Simple English definitions for legal terms
Read a random definition: law book
A ninety-day letter is a notice sent by the IRS to a taxpayer stating that they owe more taxes than they have paid. The taxpayer has 90 days to either pay the taxes or challenge the notice in tax court. This notice is also called a notice of deficiency, deficiency notice, or tax-deficiency notice. It is important to respond to this notice promptly to avoid further penalties and interest.
Definition: A notice of a tax deficiency sent by the IRS to a taxpayer, giving them 90 days to either pay the taxes or challenge the deficiency in tax court. This notice is also known as a notice of deficiency, deficiency notice, or tax-deficiency notice. If the taxpayer does not respond within the 90-day period, the IRS can begin collection actions.
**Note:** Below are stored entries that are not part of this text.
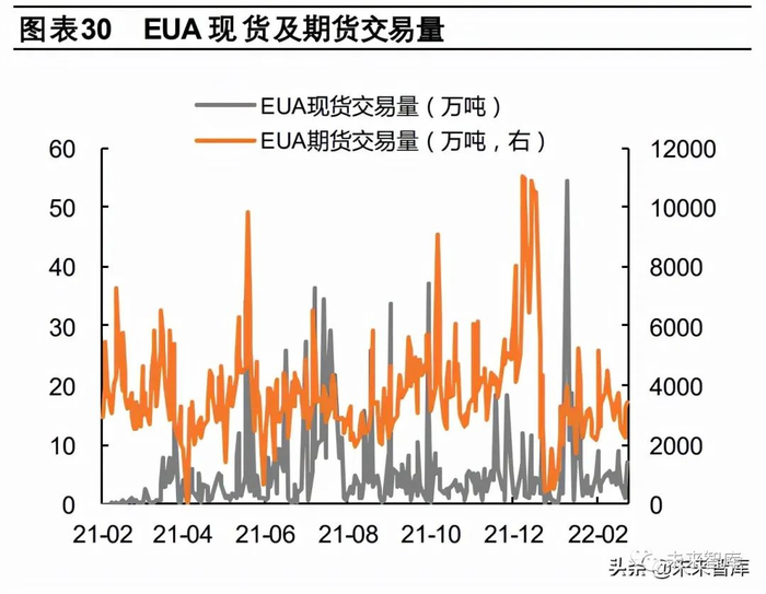 EU-ETS 交易场所集中,分工明确。运行之初,有多个交易所开展欧盟碳排放配额(EUA)的交易,包括洲际交易所(ICE)、 欧洲能源交易所(EEX)、欧洲气候交易所(ECX)、欧洲环境交易所(BlueNext)、北欧电力交易所(Nordpool)等。随着 碳市场不断发展,交易场所逐渐集中,当前主要通过 ICE 开展 EUA 的现货交易,并通过 EEX开展 EUA 的期货交易。2021 年 2月至今,EEX中 EUA期货累计交易量达 108.23亿吨,同期 ICE中EUA现货累计交易量仅有0.15亿吨,碳期货是EU-ETS 中的主要交易品类。(报告来源:未来智库)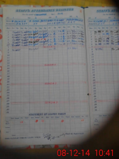 | CNIC | Full Name | Designation | R/C | Absence During Last Calender Month |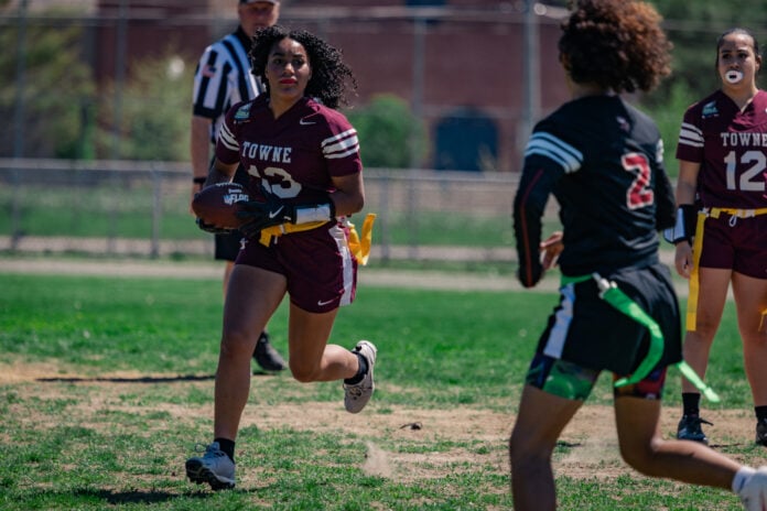 In the spring, however, she steps away from cheerleading, at least during flag football games where she’s one of the top players on the team.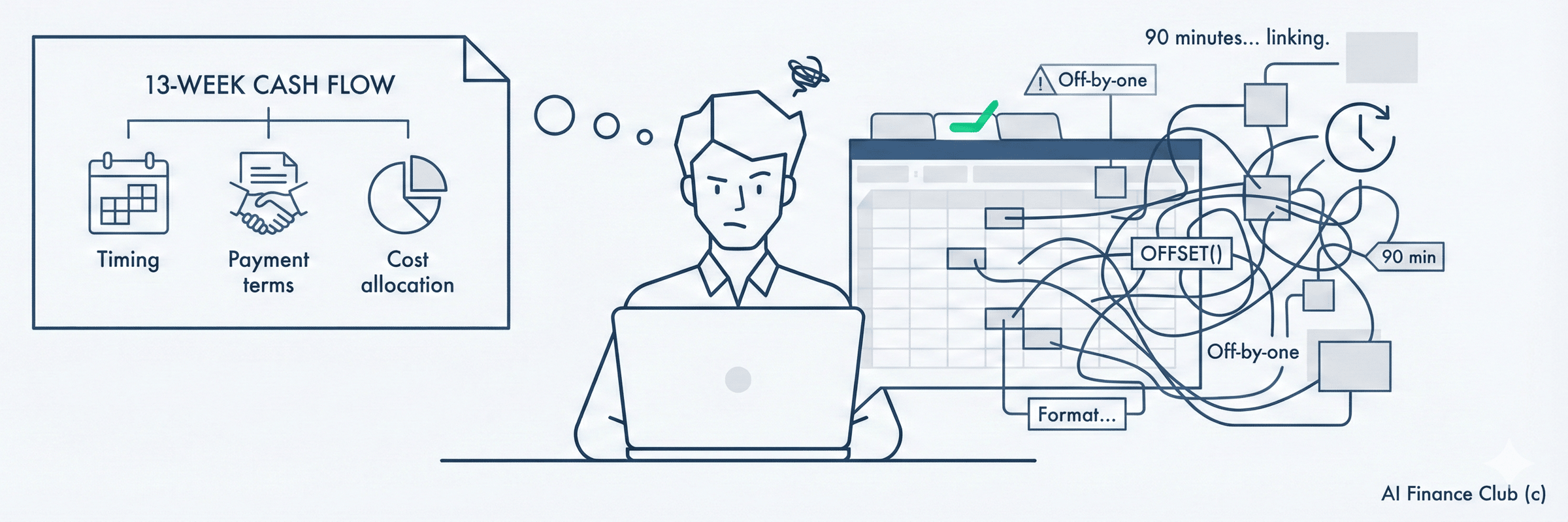 You already know how a 13-week cash flow should work. You understand receipt timing, payment terms, and cost allocation, and the logic is clear in your head.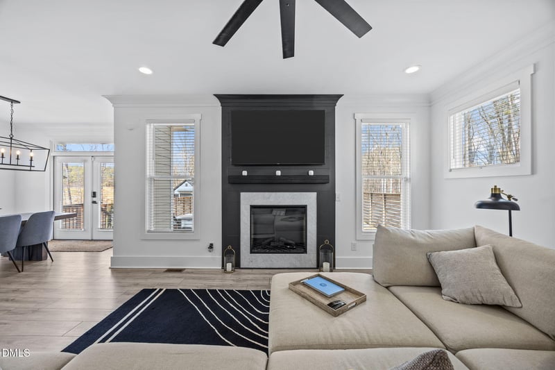 The dining area is illuminated by Restoration Hardware-inspired lighting and recessed lights, adding a designer appeal.The kitchen showcases crisp white shaker cabinets with modern black hardware, granite countertops, a white subway tile backsplash, and a large center island with barstool seating beneath three spherical pendant lights.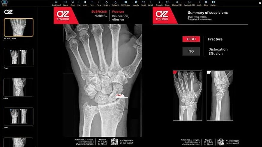 产品示例(医疗保健):想象一下放射学软件平台中的一项功能:当放射科医生检查 X 光片或 MRI 时,AI 算法会并行运行,突出显示看起来可疑的区域(可能是肿瘤的阴影或细微的骨折线)。医生会查看这些突出显示的内容,然后确认或排除它们。AI 必须高度准确地标记出它们——太多的误报会浪费医生的时间或削弱医生的信任;而漏报(遗漏的问题)则更糟糕。因此,系统会进行调整以优化灵敏度和特异性。这种增强的工作流程并不能取代医生(事实上,医生不会接受仅由 AI 进行的自动诊断),但它可以优化结果:患者受益于医生 + AI 的综合智能。AI 有效地扩展了医生的能力——它可能可以从数百万张图像中检测出模式(这是人类终其一生都无法做到的)——而医生则提供情境判断和问责。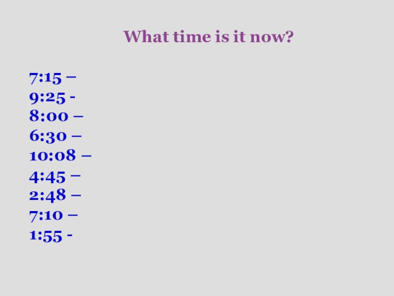 What time is it now? 7:15 – 9:25 - 8:00 – 6:30 – 10:08 – 4:45 – 2:48 – 7:10 – 1:55 -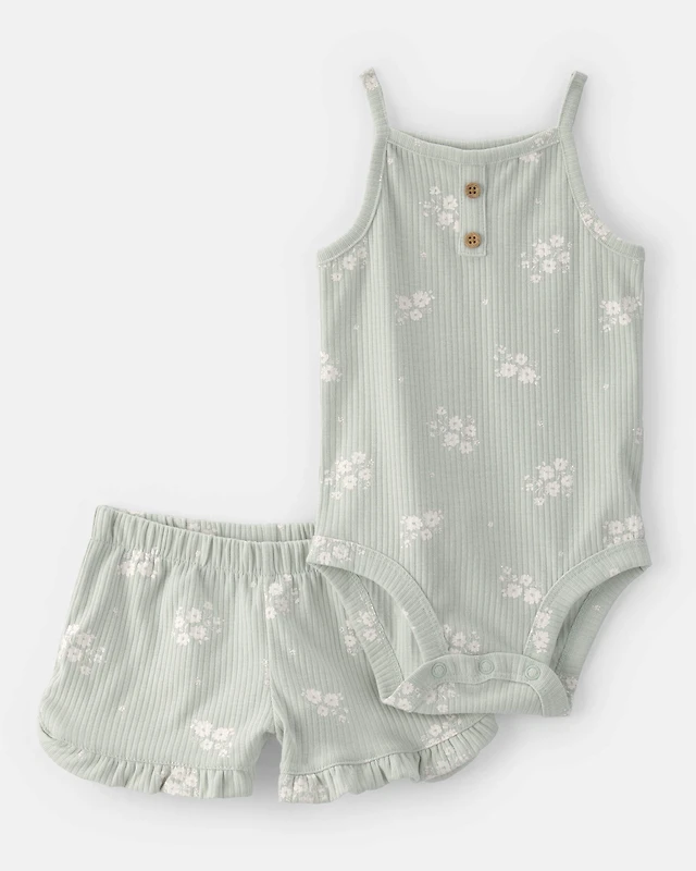 Baby Girl 2-Piece Floral Sleeveless Bodysuit & Short Set - Green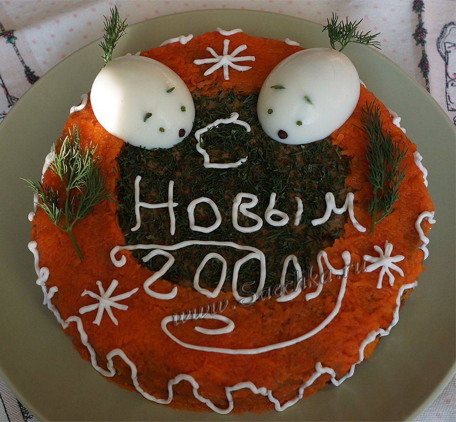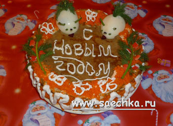 - Украсить печёночный тортик фаршированными «мышками» из яйца, предварительно посыпав верхний блин измельчённым укропом и морковкой. Новогодняя надпись и снежинки сделаны майонезом, выдавленным из пакетика с небольшой дырочкой.

For example, if a taxpayer receives a ninety-day letter stating that they owe $5,000 in back taxes, they have 90 days to either pay the amount owed or challenge the deficiency in tax court. If they do not respond within the 90-day period, the IRS can begin collection actions, such as garnishing wages or seizing assets.
Another example would be if a taxpayer receives a ninety-day letter but believes that the IRS made an error in their calculations. In this case, the taxpayer can challenge the deficiency in tax court and provide evidence to support their claim.
These examples illustrate how a ninety-day letter works and the options available to taxpayers who receive one.